Comparing the mean differecnces in E.coli levels on
the Yarra River
Alexander Musumeci #s3933758
28th May 2022
Introduction
- The Yarra River catchment encompasses a large area, ranging from
urban to rural areas. The river itself is used for various recreational
activities, which rely on good water quality
- Yarra Watch is a program providing long term monitoring and
information regarding the rivers water quality. Yarra Watch measures
water quality along the river at various sites
- The most upstream site measured is Launching place(LP), a rural
area.
- The most downstream site measured is Kew, a highly urbanised
area.
- E.coli is a bacteria found in all fecal waste, it is the indicator
used to measure recreational water quality, it is measured per 100ml
(E.coli/100ml)
- For context, E.coli/100ml >550 is unsuitable for all water based
recreation (swimming, boating, kayaking etc), according the EPA.

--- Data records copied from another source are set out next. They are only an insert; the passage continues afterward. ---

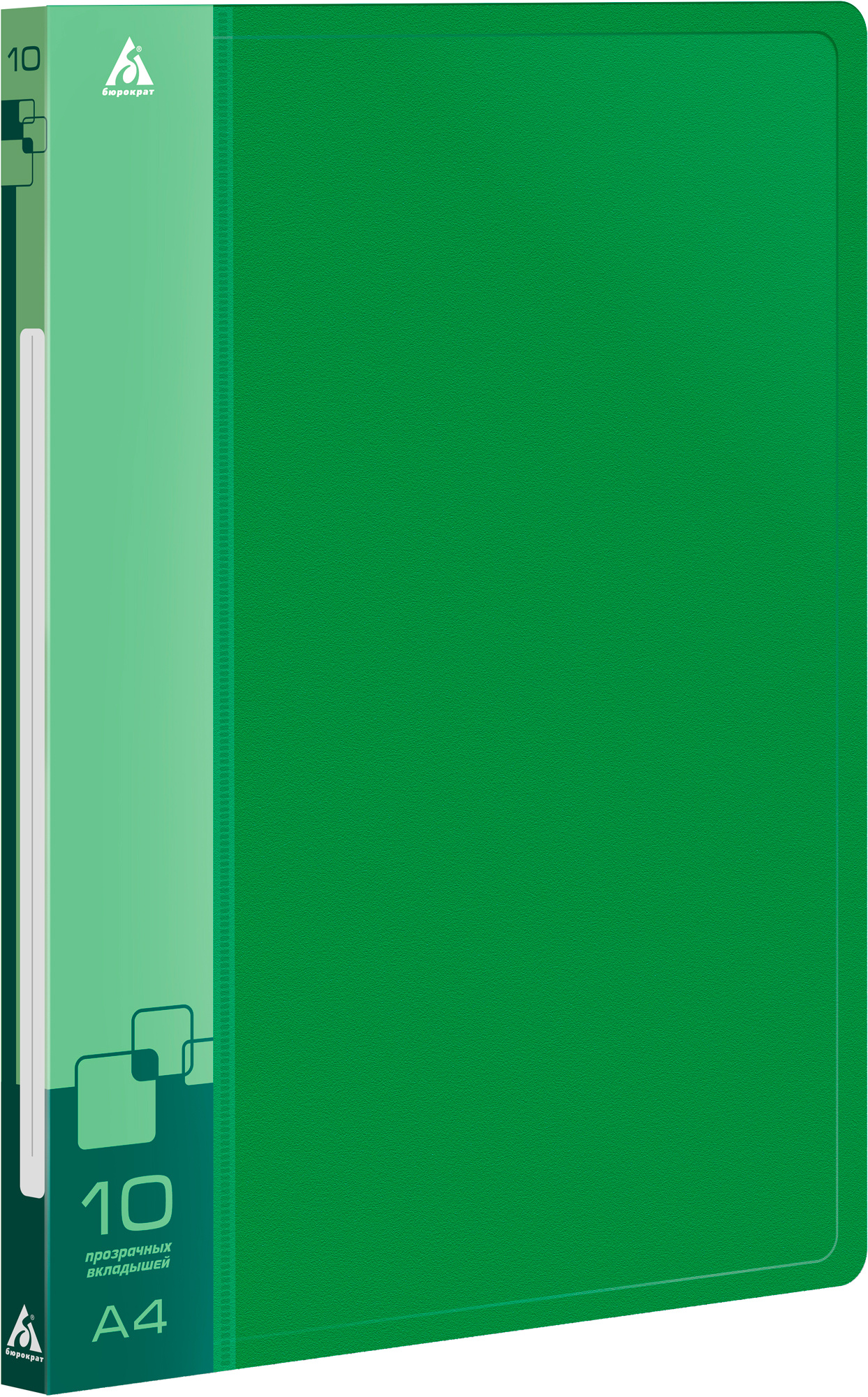Папка с 10 прозр.вклад. Бюрократ -BPV10GRN A4 пластик 0.6мм торц.карм с бум. встав зеленый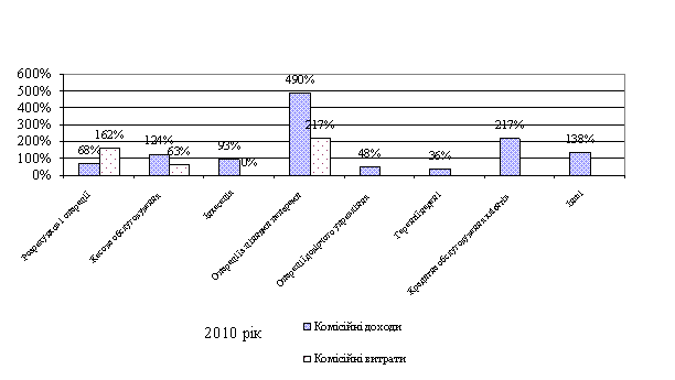 %). На рис. 3. представимо темпи росту комісійних доходів та витрат за 2010 рік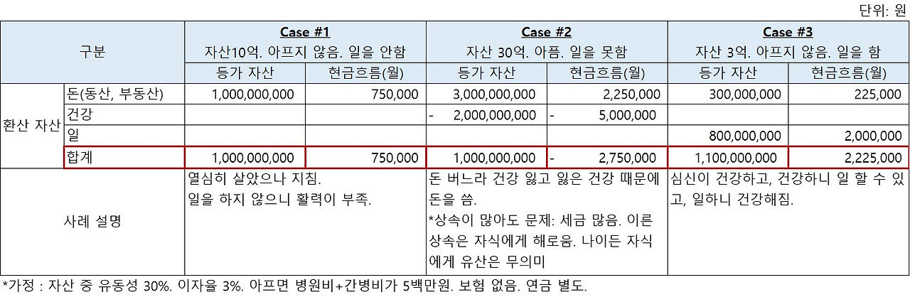 내친김에 '돈 + 일 + 건강'을 총자산으로 잡고 간단한 시뮬레이션을 해봤다. 통장, 서류의 숫자가 다가 아니다. 현혹되지 말자.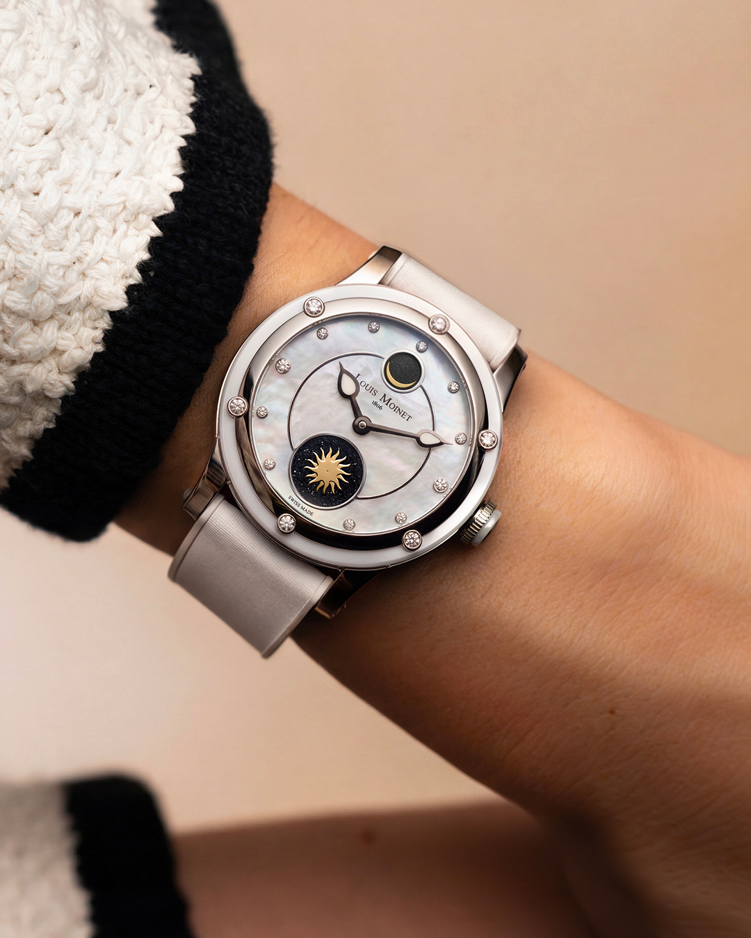 Les Ateliers Louis Moinet unveils the SKYDANCE, a long-awaited ladies’ creation steeped in poetry. A true horological gem, this timepiece unites two celestial bodies that have always marked the passage of time for humans: Sun and Moon.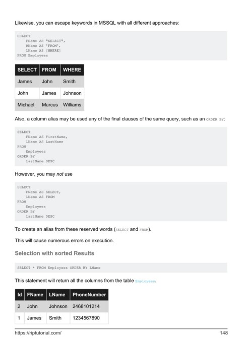 Likewise, you can escape keywords in MSSQL with all different approaches:
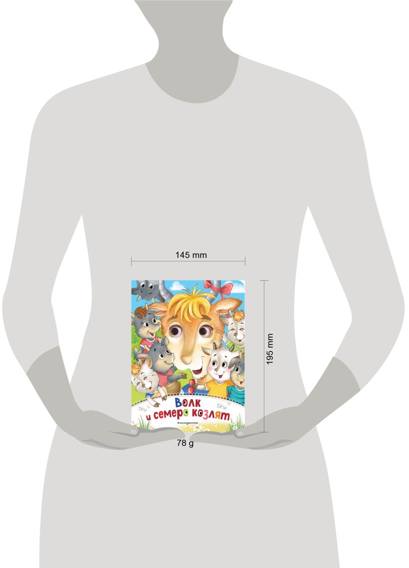 Русская народная сказка «Волк и семеро козлят» представлена в самом удобном для малышей формате — прочные картонные страницы, закруглённые края, красочные иллюстрации. А чтобы ребёнку было ещё интересней знакомиться с историей, на каждом развороте у героя есть подвижные пластиковые глазки.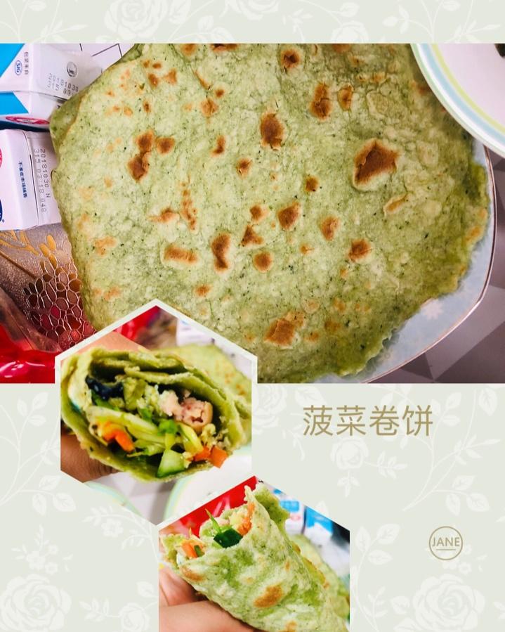 自己做的菠菜卷饼。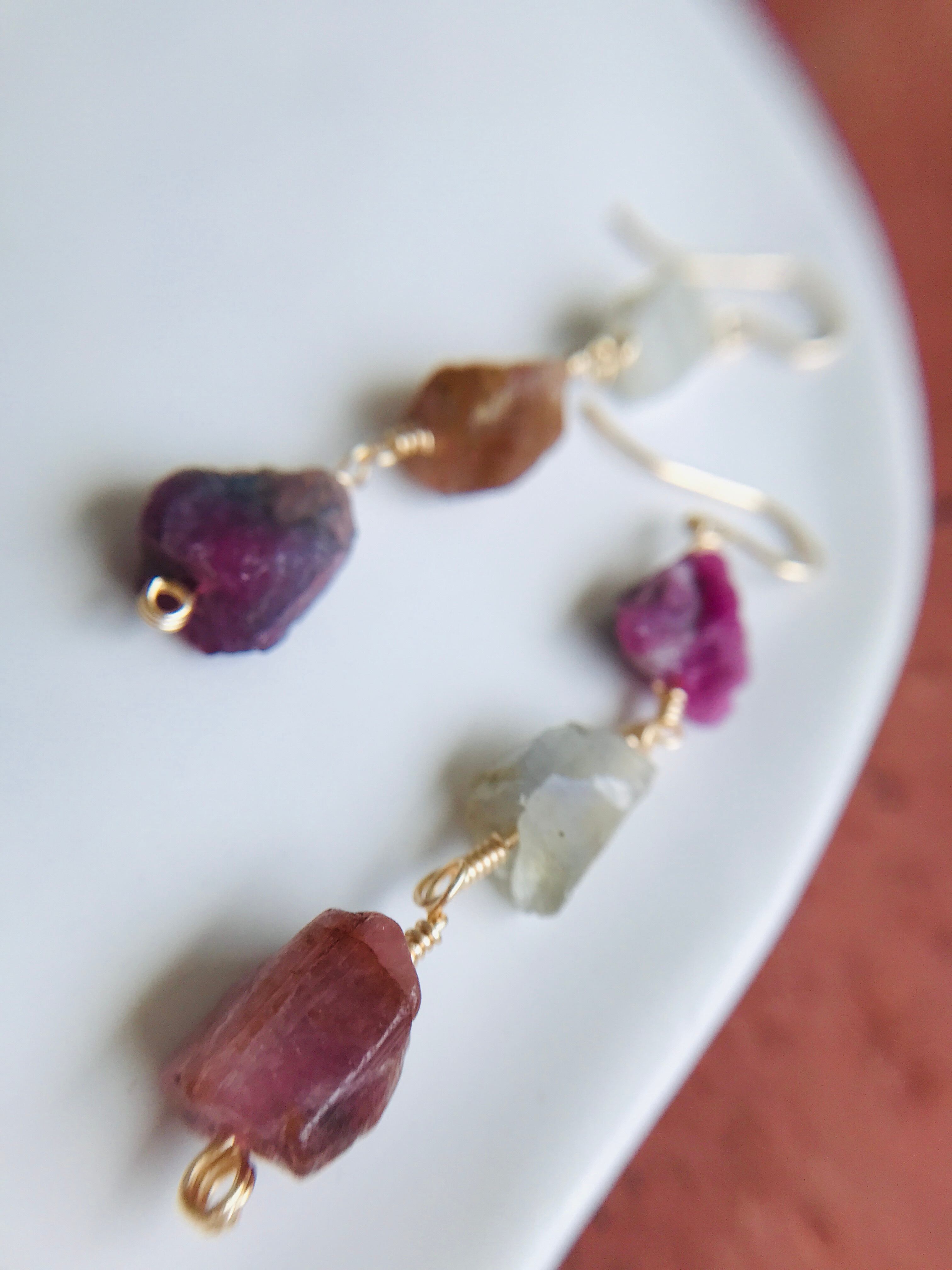 インド「ジャイプール」で直接買付した、トルマリンの原石をピアスにしたkiranahオリジナル商品です!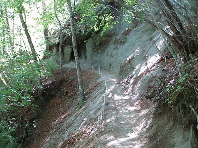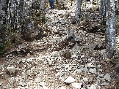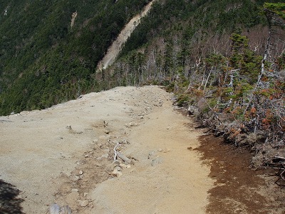 | 崩壊した斜面を下る |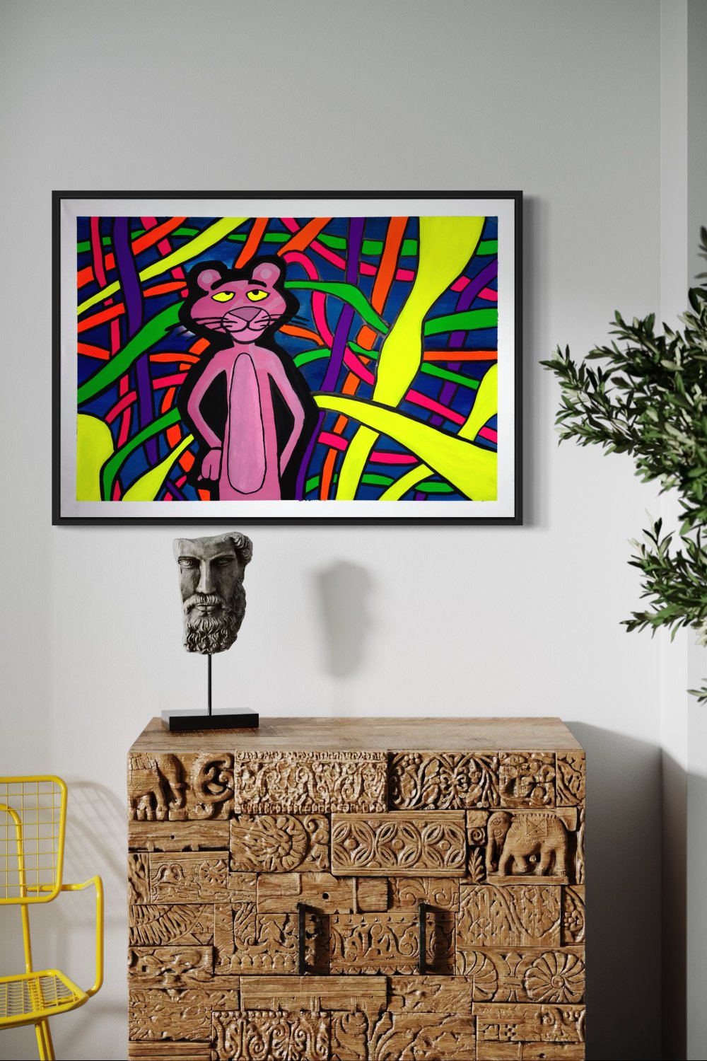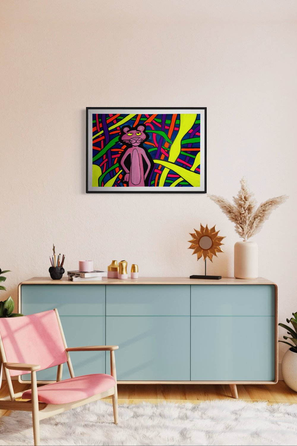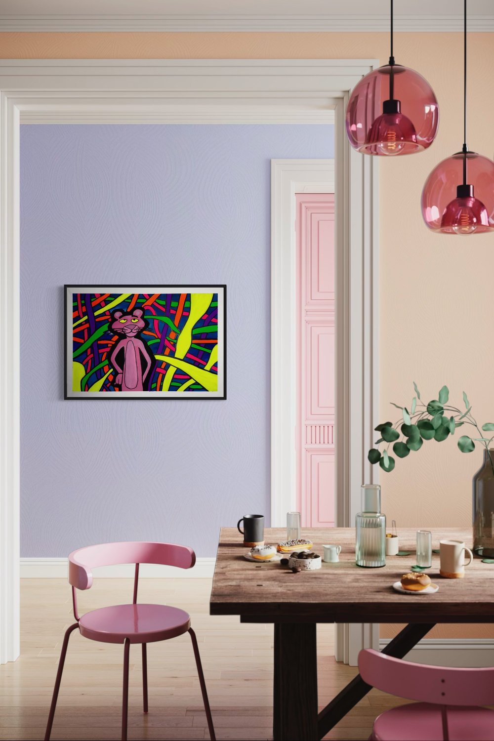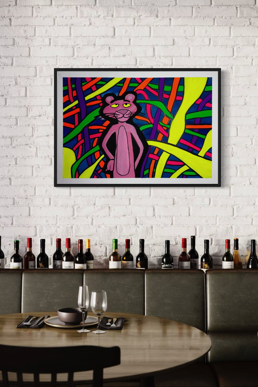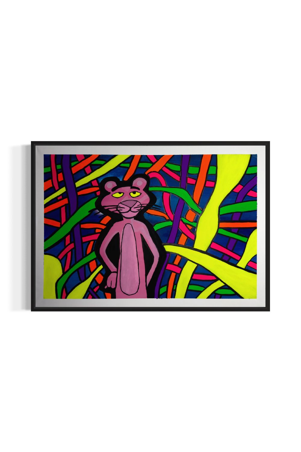 Kaos ve denge iç içe. Pembe Panter, içinde bulunduğu karmaşık ama uyumlu dünyada kendi yolunu bulmaya çalışıyor. Renklerin enerjisi ve soyut çizgilerin akışı, kaosun içinde düzen arayan ruhu temsil ediyor. Bu çalışma, UV ışık altında farklı bir boyut kazanarak geceyle birlikte bambaşka bir hikâye anlatıyor.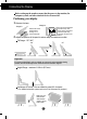 Connecting the Display Before setting up the monitor, ensure that the power to the monitor, the computer system, and other attached devices is turned off. Positioning your display 1. Remove the tape. Put the set as the picture below to remove the tape. Do not remove the tape with the set up side down as the The base part may spring up to injure your hand. 2. Adjust the position of the panel in various ways for maximum comfort.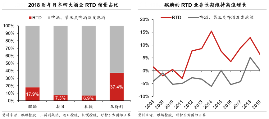 經(jīng)典案例:根據(jù)麒麟控股、三得利集團(tuán)、朝日控股、札幌控股、野村東方國(guó)際證券等綜合資訊表明,2019財(cái)年,RTD 市場(chǎng)龍頭三得利和麒麟的 RTD 銷(xiāo)量分別占與啤酒/替代型低價(jià)啤酒(發(fā)泡酒及第三類(lèi)啤酒)總銷(xiāo)量的37.4%及 17.9%,成為其業(yè)務(wù)環(huán)節(jié)中極為重要的一部分。以麒麟為例,在其啤酒/替代型低價(jià)啤酒業(yè)務(wù)銷(xiāo)量持續(xù)下滑的情形下,RTD 的銷(xiāo)量保持了較高增速。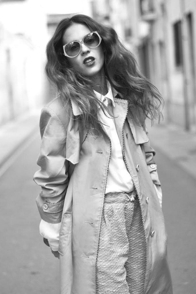 Trench & sunglasses, Vintage/ Pants, Oysho/ Bag, Aldo/ Flats, Chanel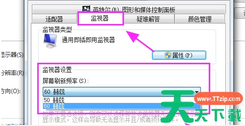 6、在”高级设置“的页面中,我们点击上方的”监视器“选项,点击后,在下方列表中选择合适自己显示器的刷新频率,再点击”应用“即可生效。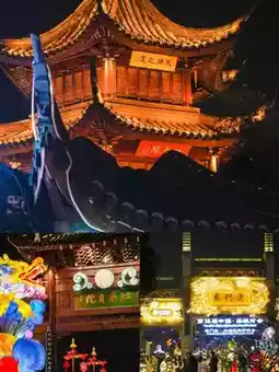 The romantic spot of Nanjing, take a night cruise on the Qinhuai River to feel the night view of Jinling.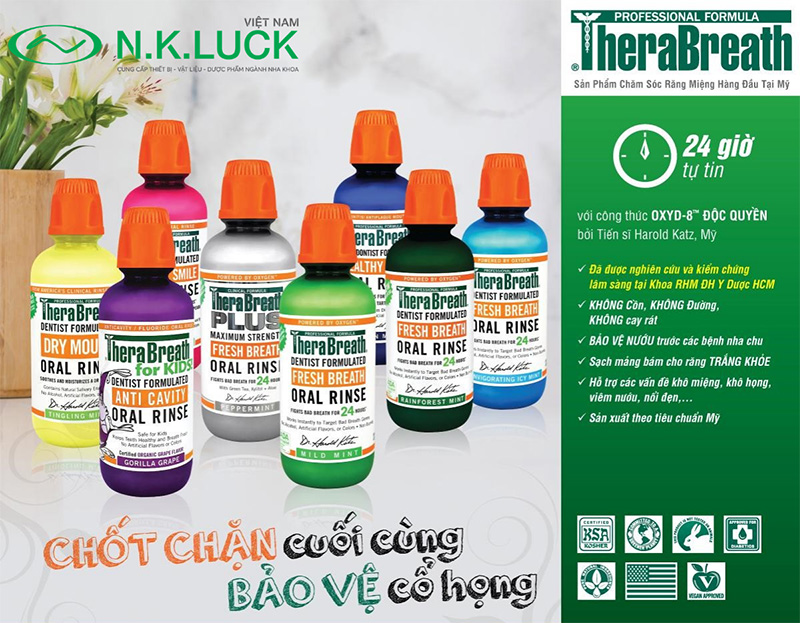Trên đây là toàn bộ hướng dẫn chi tiết của N.K.Luck về việc sử dụng nước súc miệng TheraBreath đúng cách – chuẩn y khoa cũng như những chỉ định cần lưu ý khi sử dụng sản phẩm. Hiện N.K.Luck đang là đối tác và nhà phân phối chính hãng của TheraBreath tại Việt Nam. Chúng tôi đã cung cấp bộ sản phẩm TheraBreath chính hãng với số lượng lớn cho nhiều Bác Sĩ/phòng khám trên cả nước. Sử dụng các sản phẩm chăm sóc răng miệng được phân phối bởi N.K.Luck, quý Bác sĩ/khách hàng có thể hoàn toàn yên tâm về chất lượng, dịch vụ cũng như giá cả.

- Extremely high E.coli readings have been historically recorded after
large rainfall events, with water quality being affected for up-to 5
days after.
- This study aims to compare mean E.coli levels between Launching
Place and Kew. These sites vary greatly between land use types and
population densities.
- Kew has a higher population density, and more storm water
runoff.
- LP has less people, but increased agricultural runoff.
Problem Statement
My research question asks whether there is a statistically
significant difference in mean E.coli levels between Kew and Launching
Place. The Research Hypothesis being there will be a significant
difference in means. To test this statistically I will:
- Generate descriptive statistics and visualizations
- Identify outliers, and decide what to course of action to take
- Determine if transformations are necessary
- check for assumptions relating to the two-sample t-test
- The resulting t-test will generate a p-value which will be used to
determine if there is a statistically significant difference in means
between Kew and Launching Place
- Allowing me to reject or fail to reject the null hypothesis (\(H_0: \mu_1 - \mu_2 = 0\))
Data
- This data contains observations from 2013-2022 measuring the E.coli
levels across various testing sites on the Yarra River.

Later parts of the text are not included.